### TASK OBJECTIVE
Include no pictures. Output exactly the lines from the one that contains "彩色群昵称APP是最新的QQ" through the final line of the entries.

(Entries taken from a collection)
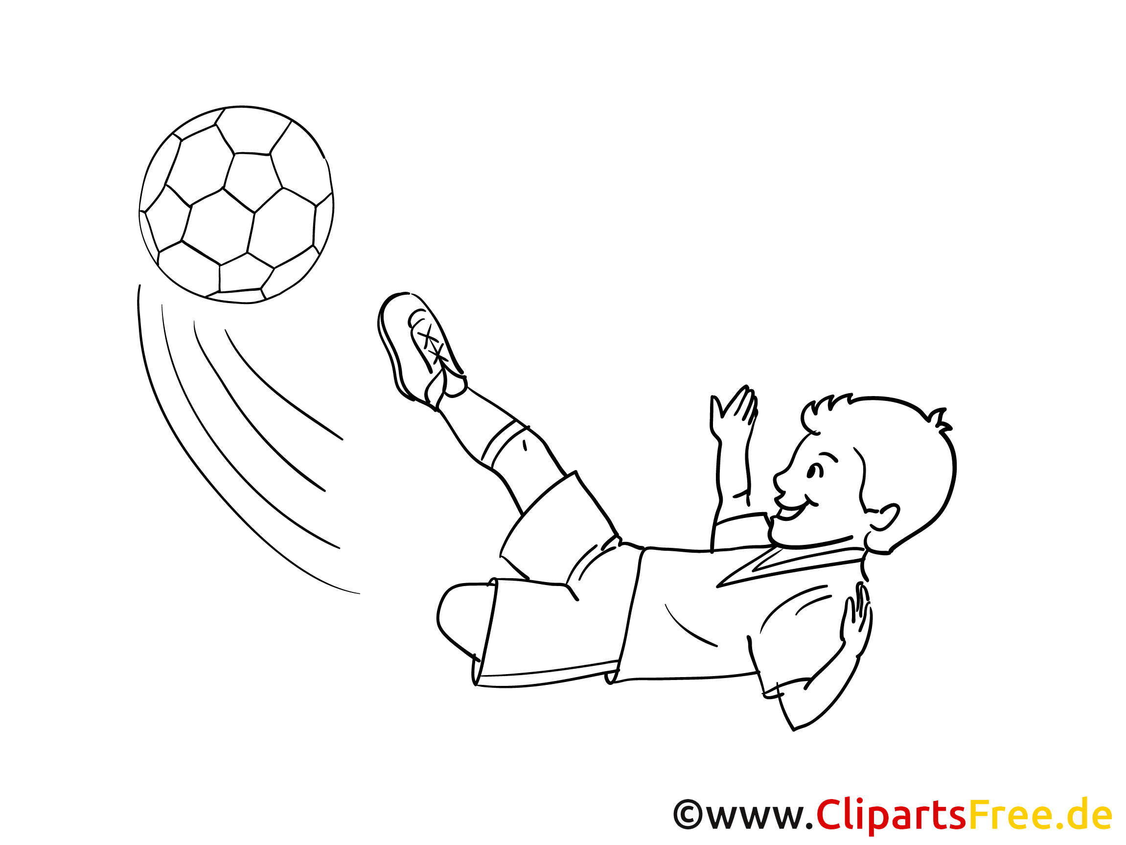 Hier siehst du ein ganz schönes Ausmalbild! Es zeigt einen fröhlichen Jungen, der voller Energie einen Fußball kickt. Er liegt leicht auf dem Boden, mit einem strahlenden Lächeln im Gesicht. Man kann fast das Gefühl haben, dass er gleich aufspringt, um das Spiel zu genießen. Der Ball fliegt durch die Luft – einfach klasse! Das Bild ist perfekt, um in die Welt des Fußballs einzutauchen. Mit ein paar bunten Farben wird das Motiv lebendig und wird den kleinen Künstler sicher zum Lachen bringen.
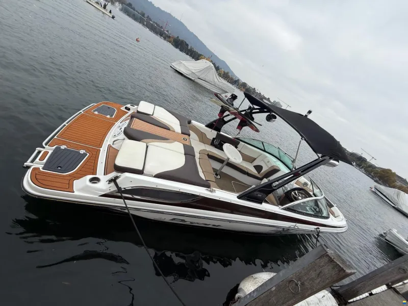 Im Kundenauftrag verkaufen wir dieses Service gepflegte Sportboot. Dieses sehr starke und schnelle sportboot beschleunigt mit seinem V8 auch unter Zuglast schnell auf die gewünschte Geschwindigkeit. Ideal zum Wasserski/ Wake Surfen oder einfach sportliches fahren. Dank seinem Idealen Gewichtsverhältniss liegt es sicher im Wasser. Mit seinem tollen Sound System geniesst mann auch unter Fahrt seine Musik. Es ist betriebsbereit und mit komplettem Notmaterial ausgestattet.
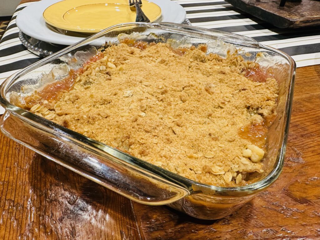 After making it myself, I understand why this dessert holds such a special place in Darcy’s memories. It’s everything you want in a spring dessert: sweet and tart, warm and comforting, with a golden crumble that’s both flavorful and crispy. The dessert is just the right balance of sweet and tangy, complementing the natural bite of the rhubarb perfectly.
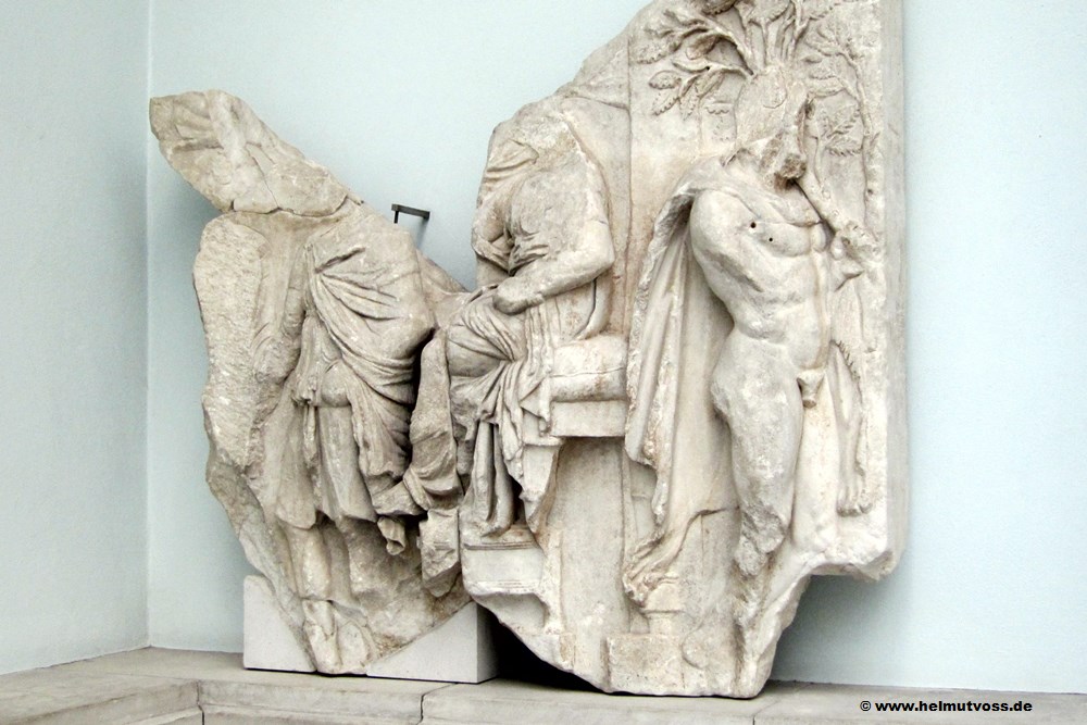 Bild oben rechts: der Nordfries. An der Stelle, wo der Nordfries an den Ostfries anschließt, beginnt Aphrodite den Reigen der Götter an dieser Seite und befindet sich damit, da man den Fries ohne Kanten sehen muss, an der Seite ihres Liebhabers Ares. Die Göttin der Liebe zieht eine Lanze aus einem getöteten Giganten. Bild oben links: Die drei Moiren erschlagen mit Bronzekeulen Agrios und Thoas. |
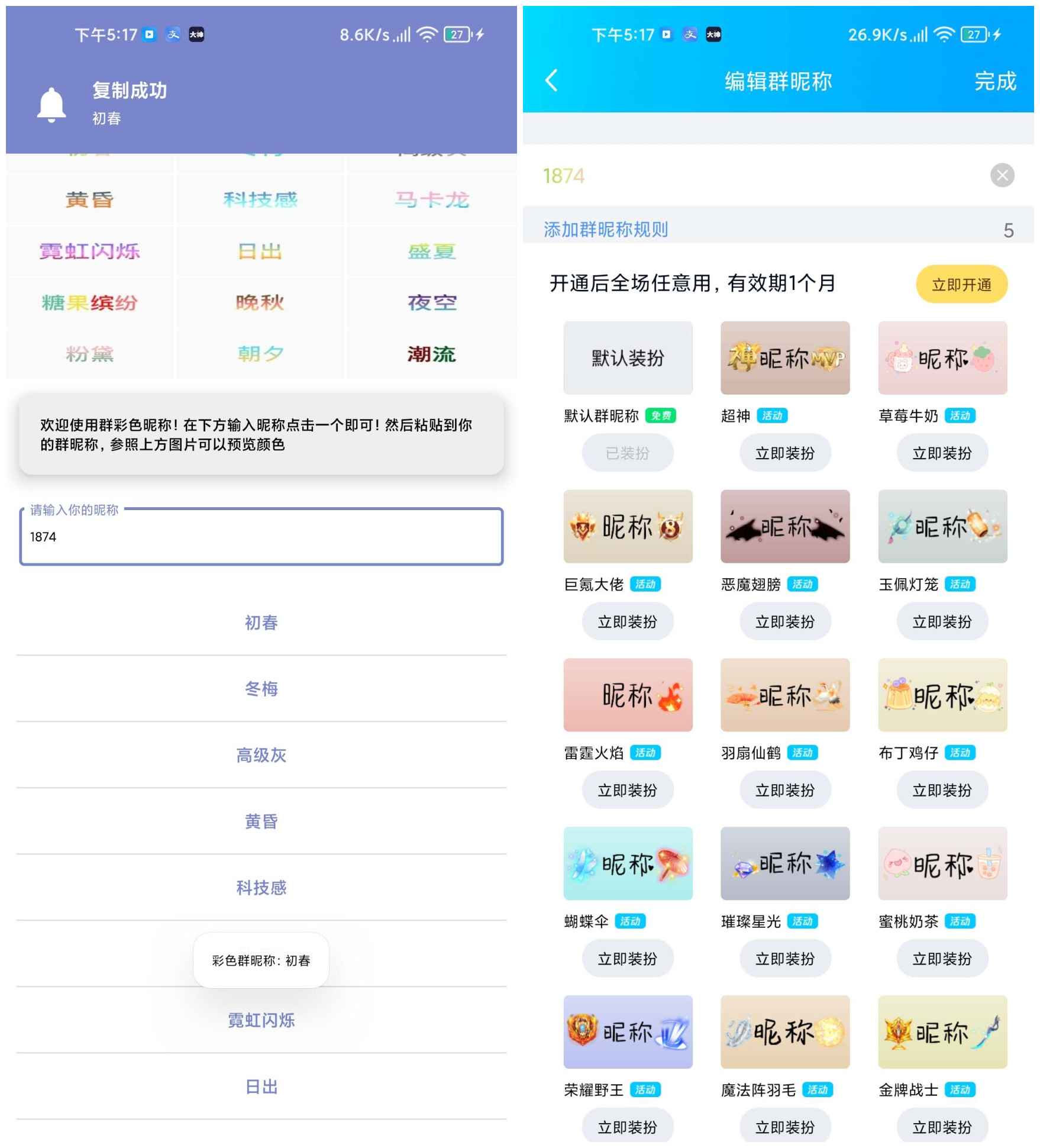 彩色群昵称APP是最新的QQ群彩色群昵称设置不在需要会员!是的让你没会员也可以设置! 不在为因为不是会员而格格不入!
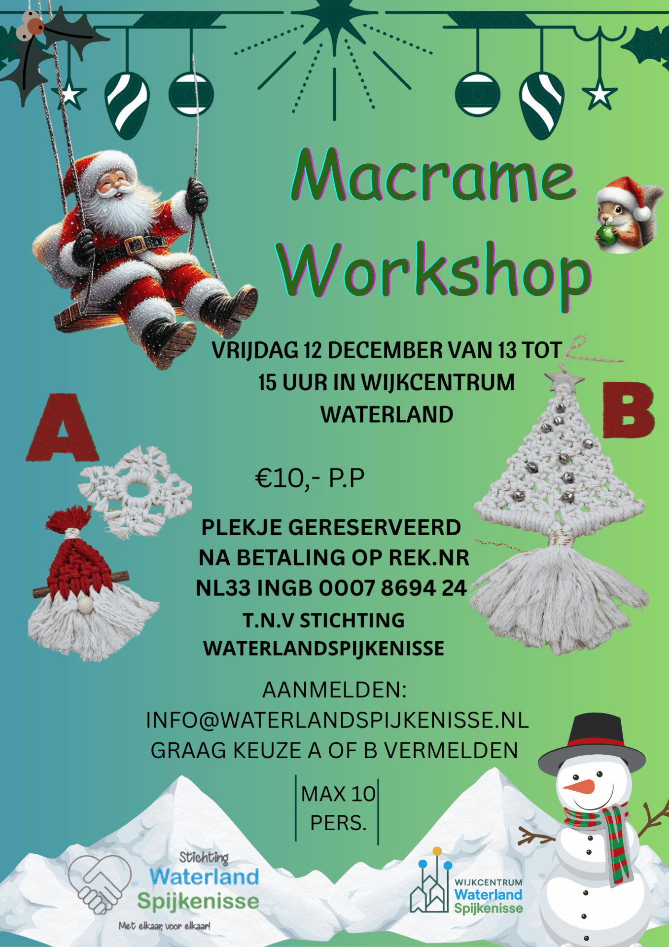 Op vrijdagmiddag 12 december is er van 13 tot 15 uur een leuke macramé workshop in wijkcentrum Waterland. Kosten zijn € 10 per persoon en er is keuze tussen A (kerstmannetje en ijskristal) of B (Kerstboompje 35 cm hxb 15 cm) Graag bij aanmelding keuze doorgeven.

### THE COMPLETED TASK
 彩色群昵称APP是最新的QQ群彩色群昵称设置不在需要会员!是的让你没会员也可以设置! 不在为因为不是会员而格格不入!
 Op vrijdagmiddag 12 december is er van 13 tot 15 uur een leuke macramé workshop in wijkcentrum Waterland. Kosten zijn € 10 per persoon en er is keuze tussen A (kerstmannetje en ijskristal) of B (Kerstboompje 35 cm hxb 15 cm) Graag bij aanmelding keuze doorgeven.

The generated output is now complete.